Random Sunday links

Store Wars. I realize this is propaganda for the organic food industry, but it's just funny enough that I think it's worth looking at, particularly with a new Star Wars movie only four days away. If Darth Tater and Cuke Skywalker don't give you a chuckle, then you're just not geeky enough. (Via Ubergeek Chic.)

Restaurant badness. Fat Eye for the Skinny Guy points out the incredibly annoying things people do when eating out Here's one: The "how about we all order different things and pass them around the table" group. I agree. To me, this practice is only acceptable in a Chinese restaurant. Quote from Fat Eye:
Group ordering, to a fat dude, is like playing a warped game of Russian Roulette. It all comes down to plate placement and plate passing. In any group ordering situation, there will usually be about 1 to 2 dishes you really want to tackle. Now, it's up to Jesus and the waiter as to where those dishes are going to be placed upon arrival.

At last, a day off from crushing tracheas (well, not quite). If you've ever wondered what a Dark Lord of the Sith does on his day off, go here and be enlightened.
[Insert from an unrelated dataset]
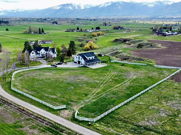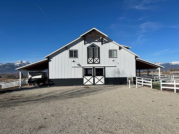 Indulge in elevated country living with this exceptional 3-bedroom, 2-bath modern-rustic barndominium, perfectly positioned to capture sweeping, unobstructed views of the Bitterroot Mountains. Designed with refined finishes and architectural warmth, the home offers an elegant open-concept layout filled with natural light and timeless craftsmanship throughout. Set in a serene and private country setting, the property provides a rare opportunity for equestrian living, featuring optional pasture, stall, heated water trough, and attached turnouts (available for an additional $750/month).

Intelligent design is neither intelligent nor design. Finally, given that much of last week was devoted to the refutation of some of the more silly "intelligent design" apologists, it's only fitting to finish this Sunday roundup with that theme. To start with Jesus' General takes the time to praise Dr. G. Thomas Sharpe of the Creation Truth Foundation for his work teaching children about God's gospel lizards. In the meantime, Tinfoil Hat Pundit suggests a rather disgusting experiment "intelligent design" creationists might set up to disprove Darwin.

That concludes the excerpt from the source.